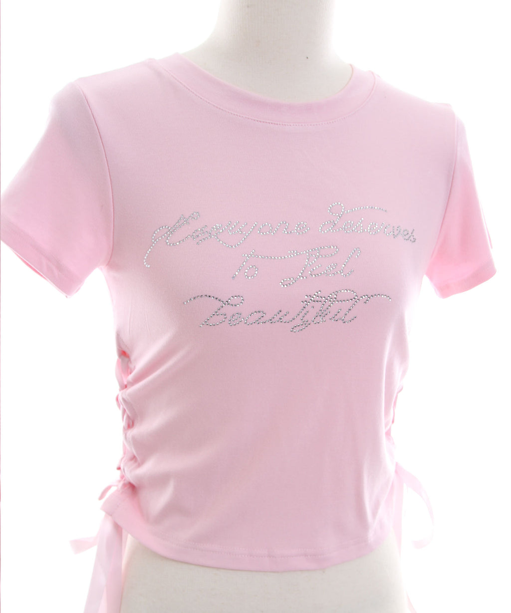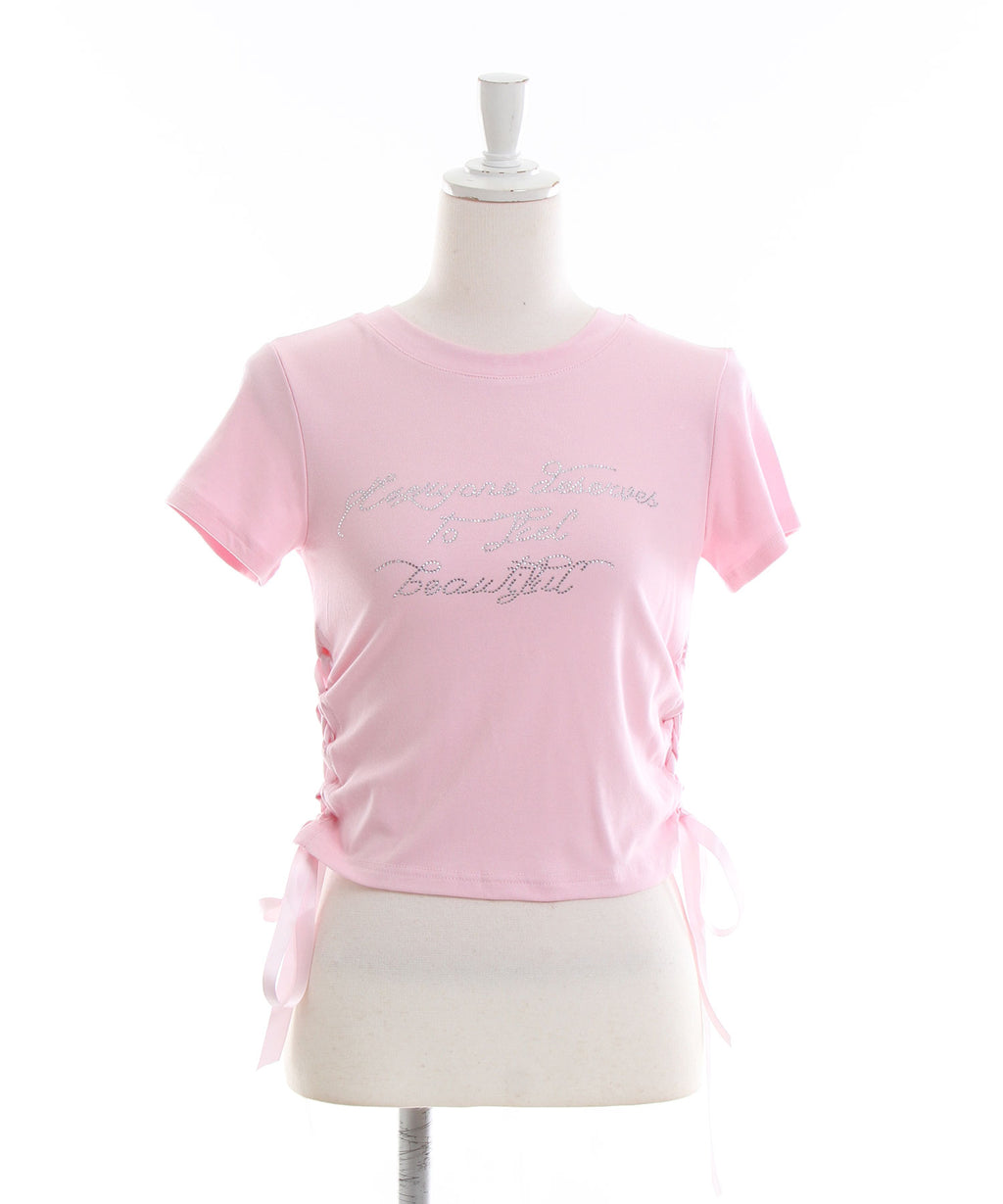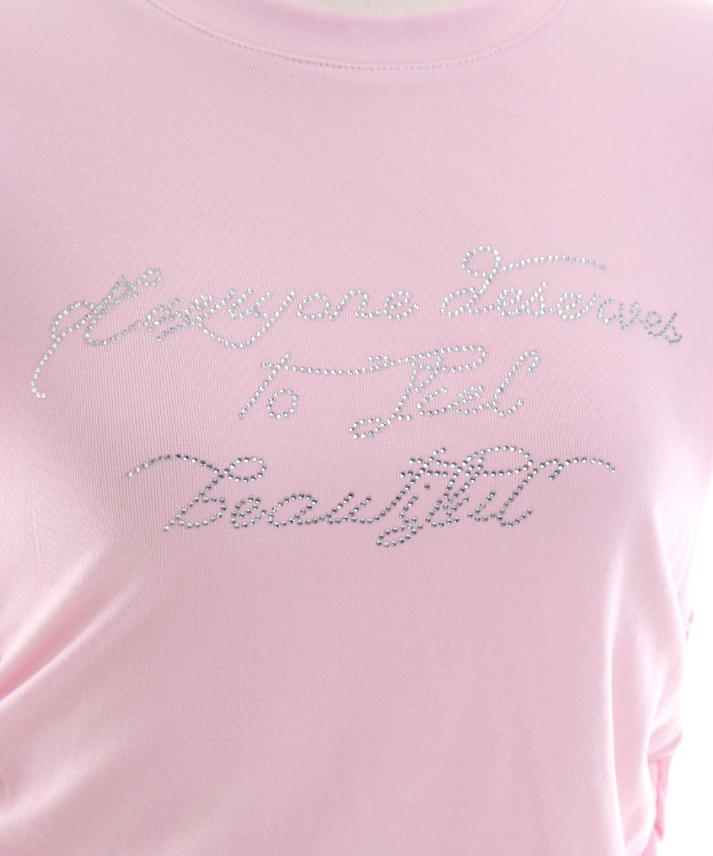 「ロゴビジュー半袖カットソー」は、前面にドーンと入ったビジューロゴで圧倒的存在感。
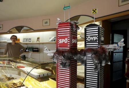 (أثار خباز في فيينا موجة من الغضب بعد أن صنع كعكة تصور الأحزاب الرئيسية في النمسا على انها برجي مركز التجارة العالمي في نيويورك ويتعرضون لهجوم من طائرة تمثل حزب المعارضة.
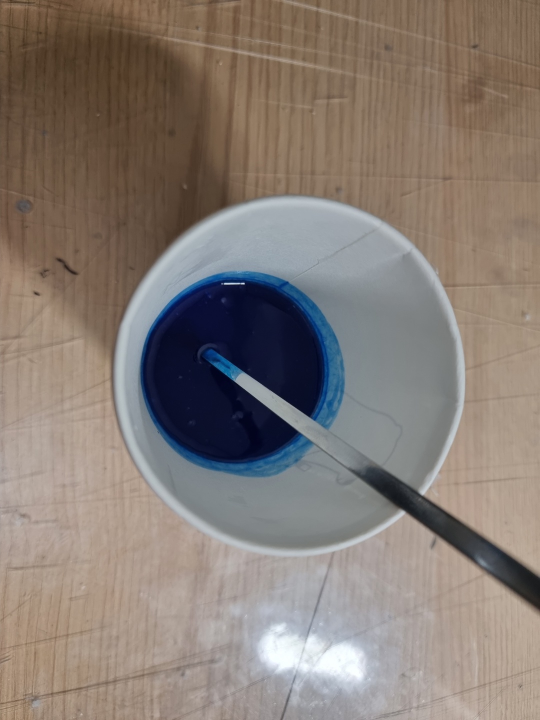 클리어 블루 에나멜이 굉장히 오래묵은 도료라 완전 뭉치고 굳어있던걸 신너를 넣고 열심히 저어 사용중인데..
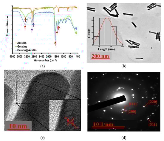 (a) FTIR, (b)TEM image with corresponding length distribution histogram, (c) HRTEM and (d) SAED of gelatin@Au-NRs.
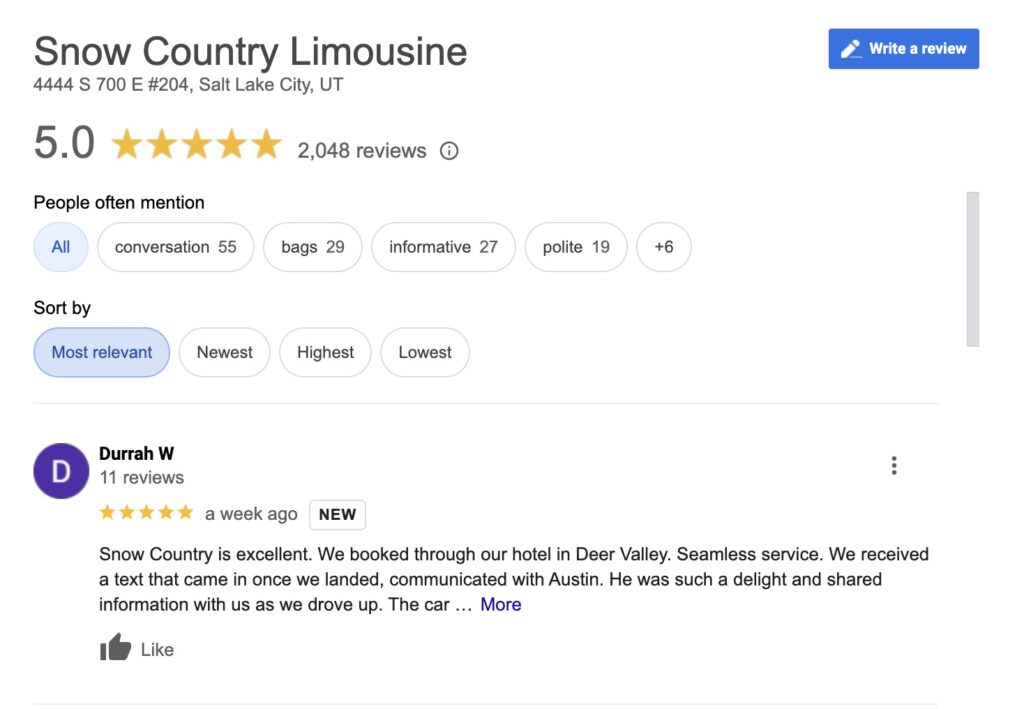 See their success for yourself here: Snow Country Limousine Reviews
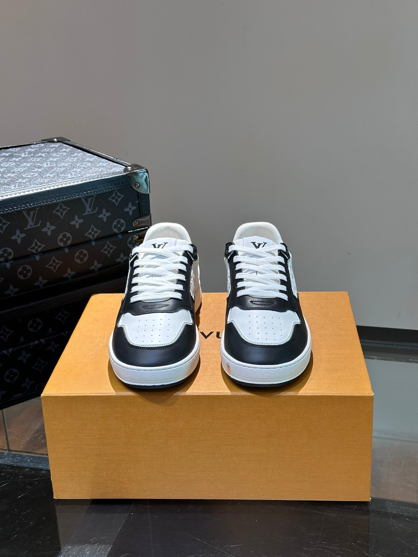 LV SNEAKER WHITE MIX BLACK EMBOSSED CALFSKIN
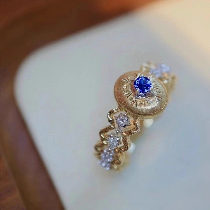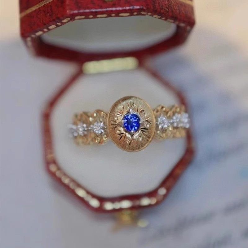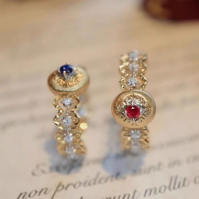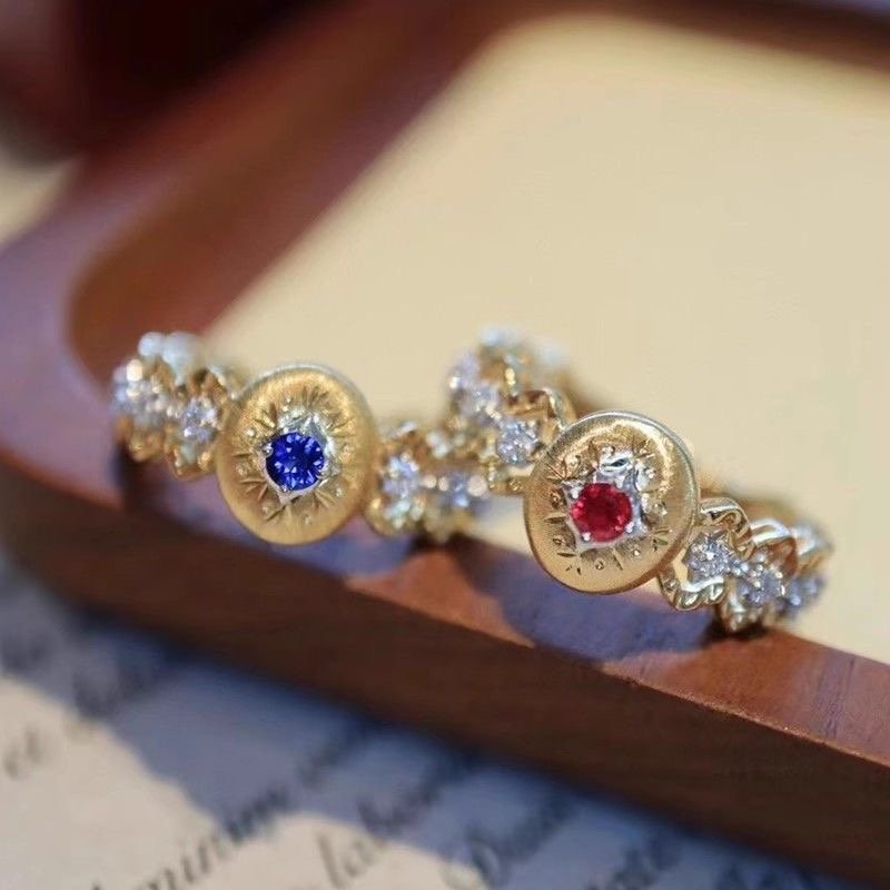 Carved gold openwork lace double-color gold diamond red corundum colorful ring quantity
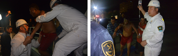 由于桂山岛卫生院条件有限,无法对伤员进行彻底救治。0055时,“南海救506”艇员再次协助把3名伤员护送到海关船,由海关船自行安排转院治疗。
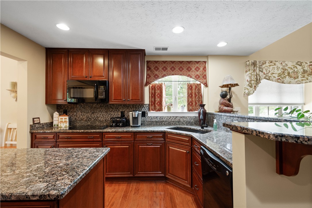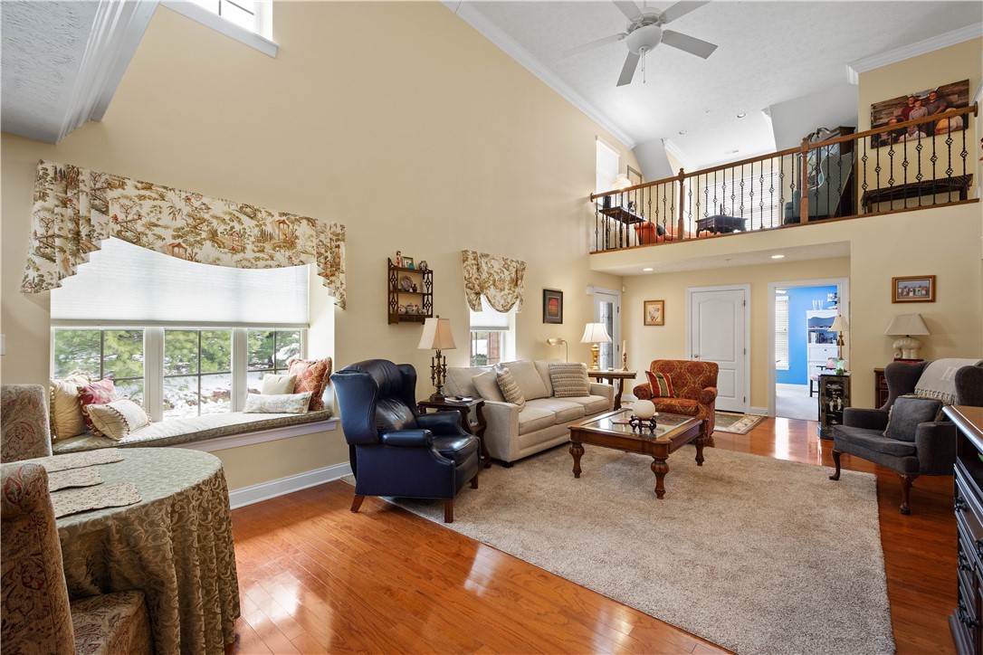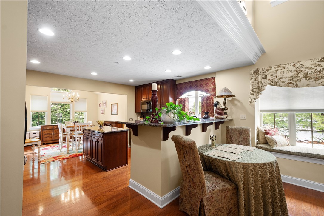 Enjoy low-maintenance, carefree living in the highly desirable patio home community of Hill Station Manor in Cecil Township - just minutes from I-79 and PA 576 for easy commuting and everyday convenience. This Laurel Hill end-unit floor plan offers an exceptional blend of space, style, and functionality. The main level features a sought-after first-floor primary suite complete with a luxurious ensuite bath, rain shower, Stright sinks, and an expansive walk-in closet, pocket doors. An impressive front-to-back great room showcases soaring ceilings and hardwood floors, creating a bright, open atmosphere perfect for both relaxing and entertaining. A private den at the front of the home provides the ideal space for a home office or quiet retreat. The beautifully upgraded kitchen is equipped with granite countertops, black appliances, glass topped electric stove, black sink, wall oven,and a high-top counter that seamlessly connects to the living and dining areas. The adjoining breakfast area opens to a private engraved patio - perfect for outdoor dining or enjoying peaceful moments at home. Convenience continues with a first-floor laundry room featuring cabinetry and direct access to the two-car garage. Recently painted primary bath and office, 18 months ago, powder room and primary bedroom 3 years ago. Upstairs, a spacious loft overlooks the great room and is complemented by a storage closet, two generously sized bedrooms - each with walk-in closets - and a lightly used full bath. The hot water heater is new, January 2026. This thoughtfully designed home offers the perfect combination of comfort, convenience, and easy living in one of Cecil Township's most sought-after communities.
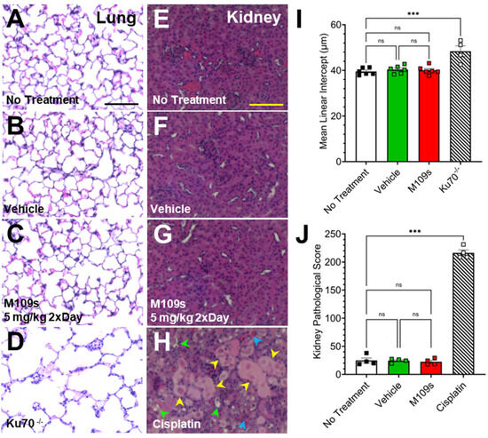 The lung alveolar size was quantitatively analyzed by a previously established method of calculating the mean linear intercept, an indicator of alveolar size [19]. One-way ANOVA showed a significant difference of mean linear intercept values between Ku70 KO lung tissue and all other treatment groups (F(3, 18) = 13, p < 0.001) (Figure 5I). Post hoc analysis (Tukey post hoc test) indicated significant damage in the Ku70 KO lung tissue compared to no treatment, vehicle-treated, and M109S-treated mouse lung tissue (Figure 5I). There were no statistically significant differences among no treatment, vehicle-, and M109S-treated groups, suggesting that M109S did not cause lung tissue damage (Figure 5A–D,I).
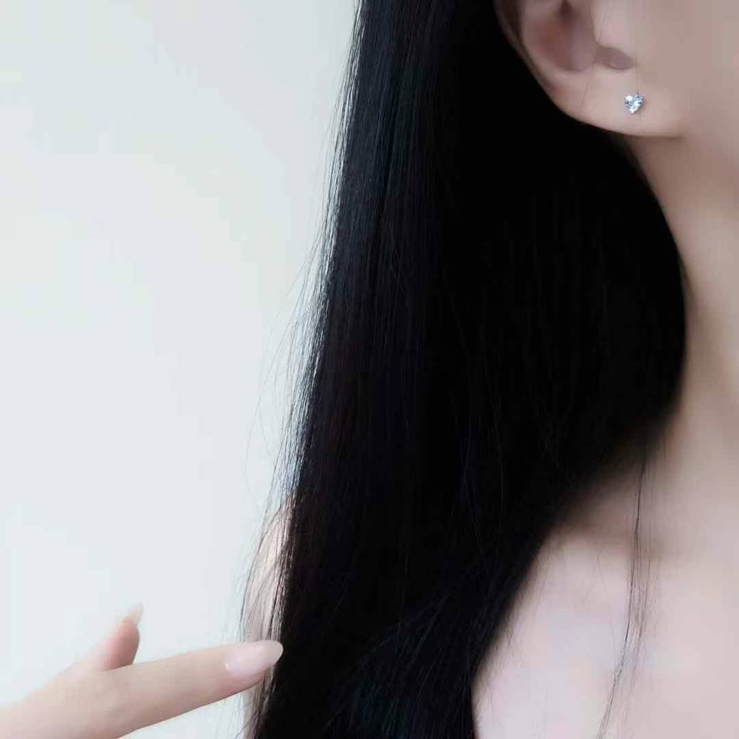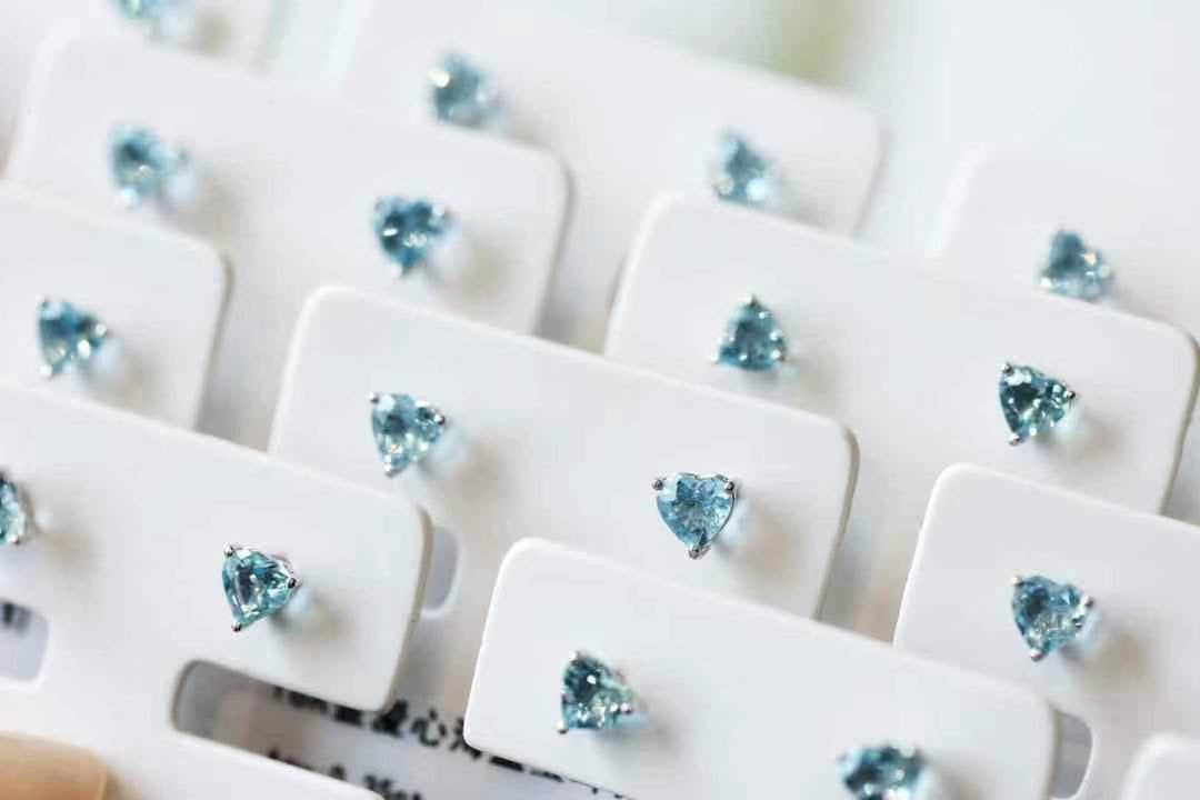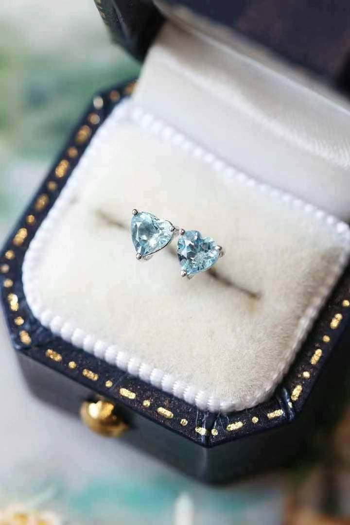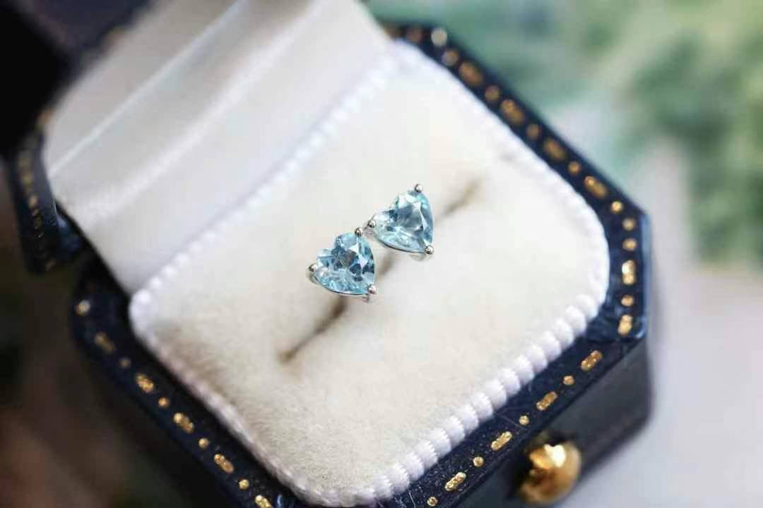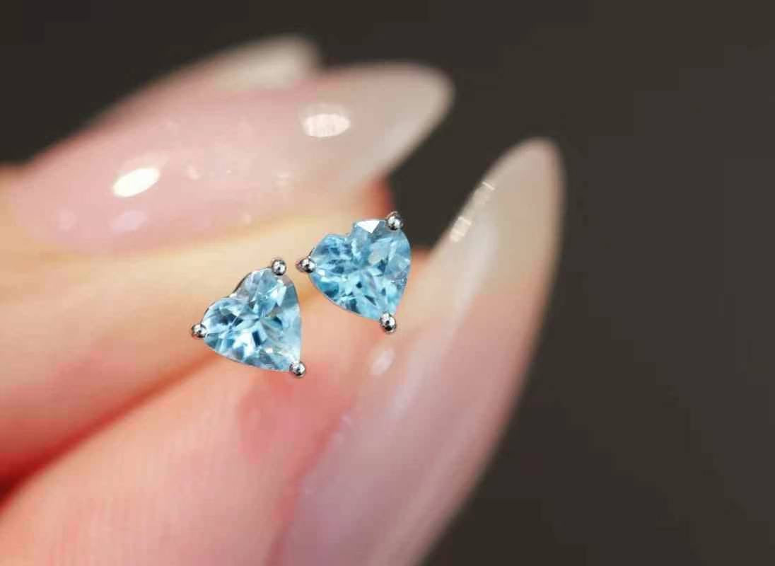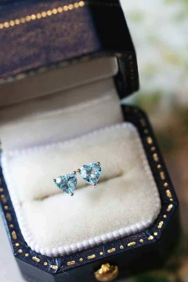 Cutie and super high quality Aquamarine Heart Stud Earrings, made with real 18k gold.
════
### Instructions to follow
Retype, exactly and with no pictures, everything above from the line with "클리어 블루 에나멜이" down to the line with "由于桂山岛卫生院条件有限,无", both included.

### Solution to this problem
 클리어 블루 에나멜이 굉장히 오래묵은 도료라 완전 뭉치고 굳어있던걸 신너를 넣고 열심히 저어 사용중인데..
 (a) FTIR, (b)TEM image with corresponding length distribution histogram, (c) HRTEM and (d) SAED of gelatin@Au-NRs.
 See their success for yourself here: Snow Country Limousine Reviews
 LV SNEAKER WHITE MIX BLACK EMBOSSED CALFSKIN
 Carved gold openwork lace double-color gold diamond red corundum colorful ring quantity
 由于桂山岛卫生院条件有限,无法对伤员进行彻底救治。0055时,“南海救506”艇员再次协助把3名伤员护送到海关船,由海关船自行安排转院治疗。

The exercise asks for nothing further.